HOW TO COMPLETE THIS TASK
Your answer must be the lines from the start of the records through the line with "除了物资,老师们还有一些捐款,行政党支部的老师们购买了一些书籍一同寄往该校。", exactly as written, without the pictures.

SUPPLIED RECORDS
━━━━

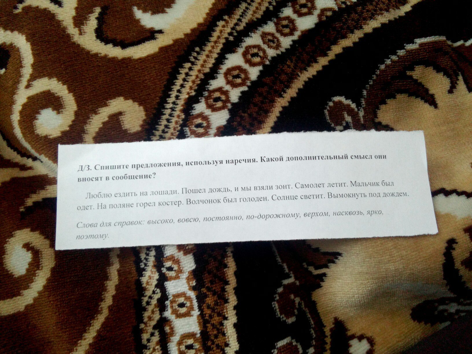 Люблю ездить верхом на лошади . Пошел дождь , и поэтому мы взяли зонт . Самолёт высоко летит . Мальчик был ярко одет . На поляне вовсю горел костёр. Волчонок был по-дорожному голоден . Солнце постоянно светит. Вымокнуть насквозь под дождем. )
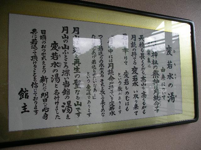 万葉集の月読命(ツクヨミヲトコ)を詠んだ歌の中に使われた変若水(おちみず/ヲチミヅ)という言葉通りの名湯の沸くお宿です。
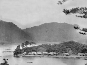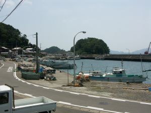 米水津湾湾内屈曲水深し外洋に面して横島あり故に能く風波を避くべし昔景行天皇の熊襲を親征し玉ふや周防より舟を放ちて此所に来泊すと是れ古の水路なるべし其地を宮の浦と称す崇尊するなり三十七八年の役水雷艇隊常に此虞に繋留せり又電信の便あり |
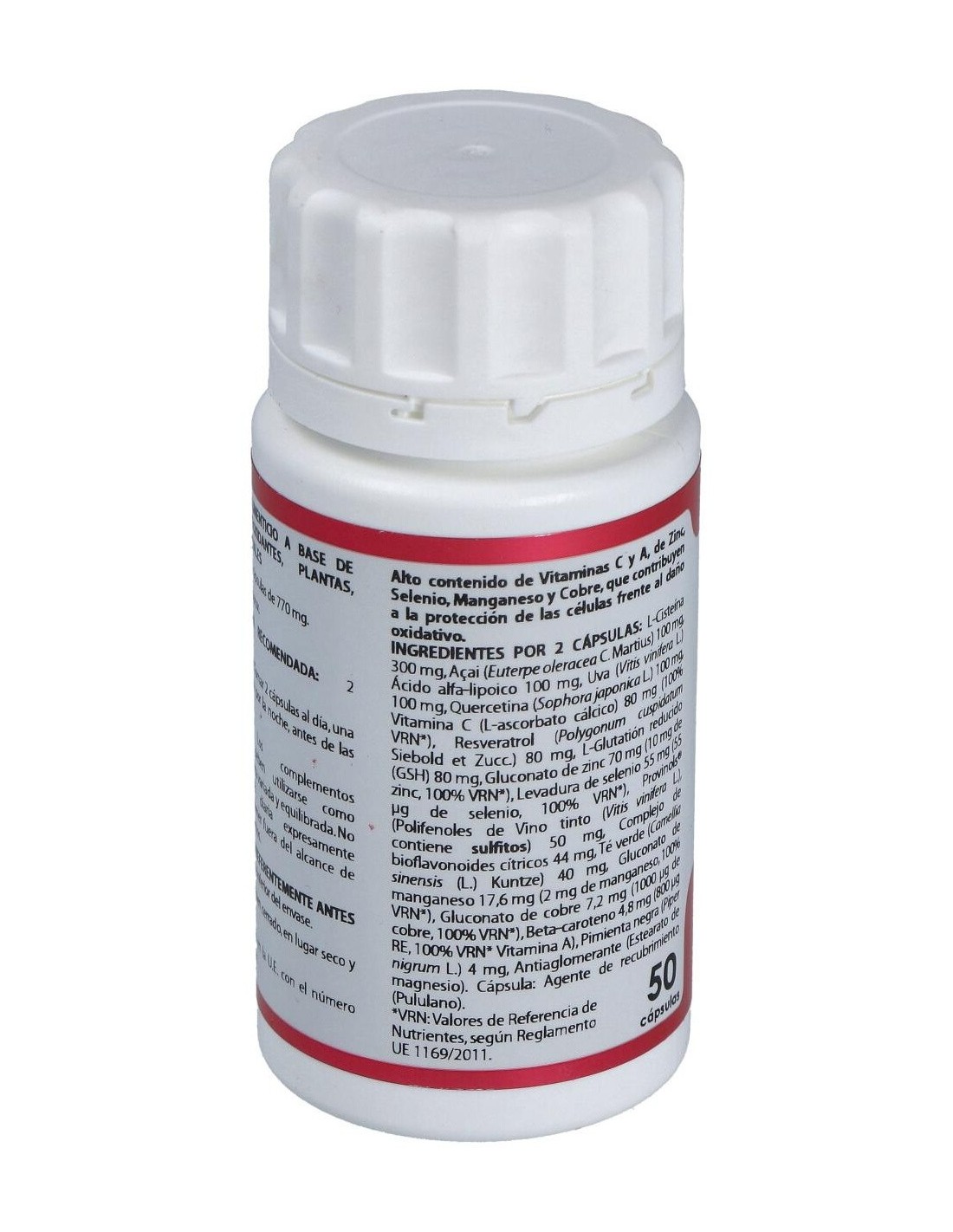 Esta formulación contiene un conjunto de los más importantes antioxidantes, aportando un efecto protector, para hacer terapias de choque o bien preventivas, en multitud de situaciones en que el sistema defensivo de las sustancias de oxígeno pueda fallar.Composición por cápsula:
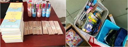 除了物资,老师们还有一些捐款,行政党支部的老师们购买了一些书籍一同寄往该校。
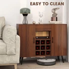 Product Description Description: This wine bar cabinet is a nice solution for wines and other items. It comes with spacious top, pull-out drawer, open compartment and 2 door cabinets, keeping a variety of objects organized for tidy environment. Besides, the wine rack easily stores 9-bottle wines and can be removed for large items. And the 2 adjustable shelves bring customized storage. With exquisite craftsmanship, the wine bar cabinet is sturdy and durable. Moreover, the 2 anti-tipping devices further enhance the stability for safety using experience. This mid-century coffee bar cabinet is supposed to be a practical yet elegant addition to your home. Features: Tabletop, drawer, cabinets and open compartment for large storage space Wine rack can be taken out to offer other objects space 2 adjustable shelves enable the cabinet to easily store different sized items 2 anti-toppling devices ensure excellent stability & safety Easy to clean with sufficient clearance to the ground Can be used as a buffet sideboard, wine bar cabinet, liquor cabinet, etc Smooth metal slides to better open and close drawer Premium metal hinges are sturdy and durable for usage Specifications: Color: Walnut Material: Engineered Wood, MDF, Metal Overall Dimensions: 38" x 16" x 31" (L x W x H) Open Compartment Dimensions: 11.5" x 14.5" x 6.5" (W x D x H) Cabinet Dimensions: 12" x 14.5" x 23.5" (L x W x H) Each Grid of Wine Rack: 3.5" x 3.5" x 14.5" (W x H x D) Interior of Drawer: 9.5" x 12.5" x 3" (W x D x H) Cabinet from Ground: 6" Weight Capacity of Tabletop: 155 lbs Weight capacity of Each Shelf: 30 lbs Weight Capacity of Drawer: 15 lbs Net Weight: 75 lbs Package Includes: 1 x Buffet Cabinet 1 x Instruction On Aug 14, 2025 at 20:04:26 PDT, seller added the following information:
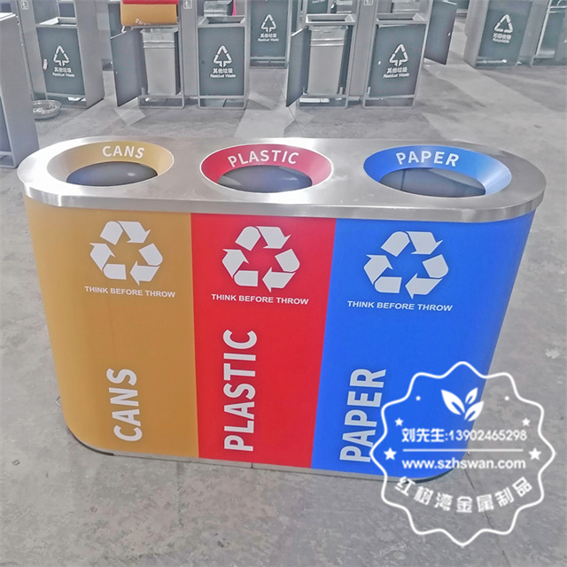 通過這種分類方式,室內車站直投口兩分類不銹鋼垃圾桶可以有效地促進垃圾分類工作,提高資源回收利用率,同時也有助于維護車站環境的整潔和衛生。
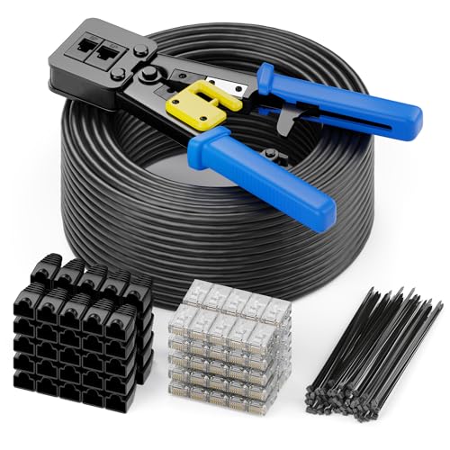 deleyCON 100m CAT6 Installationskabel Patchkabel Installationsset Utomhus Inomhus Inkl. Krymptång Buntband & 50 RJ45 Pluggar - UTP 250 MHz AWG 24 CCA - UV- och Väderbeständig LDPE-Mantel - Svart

━━━━

ANSWER FOR THIS EXERCISE
 Люблю ездить верхом на лошади . Пошел дождь , и поэтому мы взяли зонт . Самолёт высоко летит . Мальчик был ярко одет . На поляне вовсю горел костёр. Волчонок был по-дорожному голоден . Солнце постоянно светит. Вымокнуть насквозь под дождем. )
 万葉集の月読命(ツクヨミヲトコ)を詠んだ歌の中に使われた変若水(おちみず/ヲチミヅ)という言葉通りの名湯の沸くお宿です。
 米水津湾湾内屈曲水深し外洋に面して横島あり故に能く風波を避くべし昔景行天皇の熊襲を親征し玉ふや周防より舟を放ちて此所に来泊すと是れ古の水路なるべし其地を宮の浦と称す崇尊するなり三十七八年の役水雷艇隊常に此虞に繋留せり又電信の便あり |
 Esta formulación contiene un conjunto de los más importantes antioxidantes, aportando un efecto protector, para hacer terapias de choque o bien preventivas, en multitud de situaciones en que el sistema defensivo de las sustancias de oxígeno pueda fallar.Composición por cápsula:
 除了物资,老师们还有一些捐款,行政党支部的老师们购买了一些书籍一同寄往该校。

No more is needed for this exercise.